Delaware Vote Tracker

HB306 – Restoring Judicial Discretion and HB307 – No Mandatory Minimum Sentences for Juveniles

State Representative J.J. Johnson has introduced two new pieces of his criminal justice reform push.   The first bill, HB306, permits judges to utilize their discretion in determining whether a juvenile charged with possession of a firearm during commission of a felony should be transferred back to Family Court or remain in Superior Court.  Prior to 2017, possession of a firearm during the commission of a felony was only one of five criminal charges where judges had no discretion in determining whether a juvenile should be treated as a juvenile or an adult because the statute required a juvenile charged with these offenses to be prosecuted as an adult.

Last year, HB9, which was enacted last year, provided judges the discretion to determine how a juvenile should be treated for four other offenses. HB306 is a continuation of that effort. The bill simply changes the language from ‘shall’ to ‘may’ to allow judges to weigh the possibility that a juvenile may be better served in Delaware’s Family Court system through the amenability process already enumerated in Title 10 § 1010 and § 1011. This bill also raises the age from 15 to 16.

In my mind, anything that gives judges the power to use their own discretion in weighing the evidence and circumstances on their own rather than by following some preordained schedule enacted by reactionary legislators is better.

HB306 – RESTORING JUDICIAL DISCRETION.
SPONSORS: J.Johnson, McDowell, Henry, Townsend, Longhurst, Heffernan, Lynn, Potter, Brady, Paradee
YES VOTES:
NO VOTES:
ABSENT:
NOT VOTING:
HISTORY: House Judiciary 1/23/18
STATUS: Waiting on consideration in committee

The second bill, HB307, would repeal and remove all minimum-mandatory sentencing schemes for juveniles adjudicated delinquent in Family Court.  A recent US Supreme Court decision, Miller v. Alabama, prohibited mandatory life sentences without parole for juveniles because “children are constitutionally different from adults for sentencing purposes.”   Further, medical and scientific research has proven that an adolescent’s brain is not fully developed until his/her mid-twenties which makes juveniles especially prone to making poor choices. This bill will still provide Family Court judges and commissioners with the ability to impose a commitment to a DSCYF secure placement, but these judges and commissioners would now have the ability to exercise their judicial discretion to fashion an appropriate sentence for an individual juvenile.

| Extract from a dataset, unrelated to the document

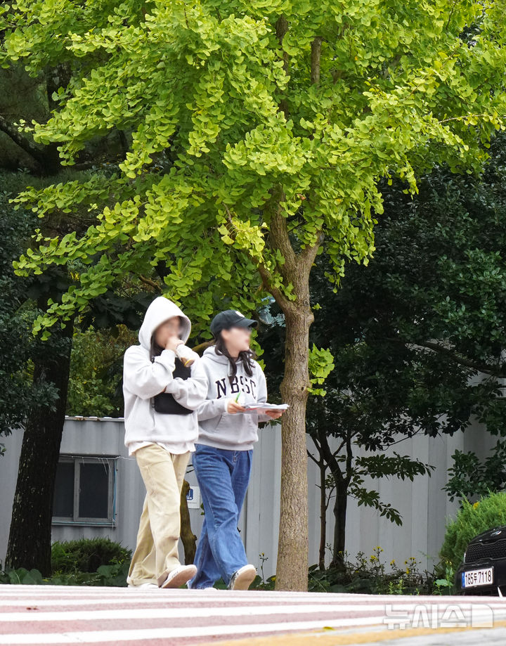 [제주=뉴시스] 우장호 기자 = 올 가을 들어 가장 쌀쌀한 20일 오전 제주대학교에서 외투를 챙겨 입은 학생들이 교정을 걸어가고 있다. 2025.10.20. [email protected]

HB307 – NO MANDATORY MINIMUM SENTENCES FOR JUVENILES.
SPONSORS: J.Johnson, McDowell, Henry, Townsend, Longhurst, Heffernan, Lynn, Potter, Brady, Paradee
YES VOTES:
NO VOTES:
ABSENT:
NOT VOTING:
HISTORY: House Judiciary 1/23/18
STATUS: Waiting on consideration in committee

1 comment on “HB306 – Restoring Judicial Discretion and HB307 – No Mandatory Minimum Sentences for Juveniles

  1. elizabeth

    Ferris is run by ex cops..who oversees that facility to assure those juveniles are in fact safe and secure? Those who have been released speak of bedllam, chaos and violence behind the scene.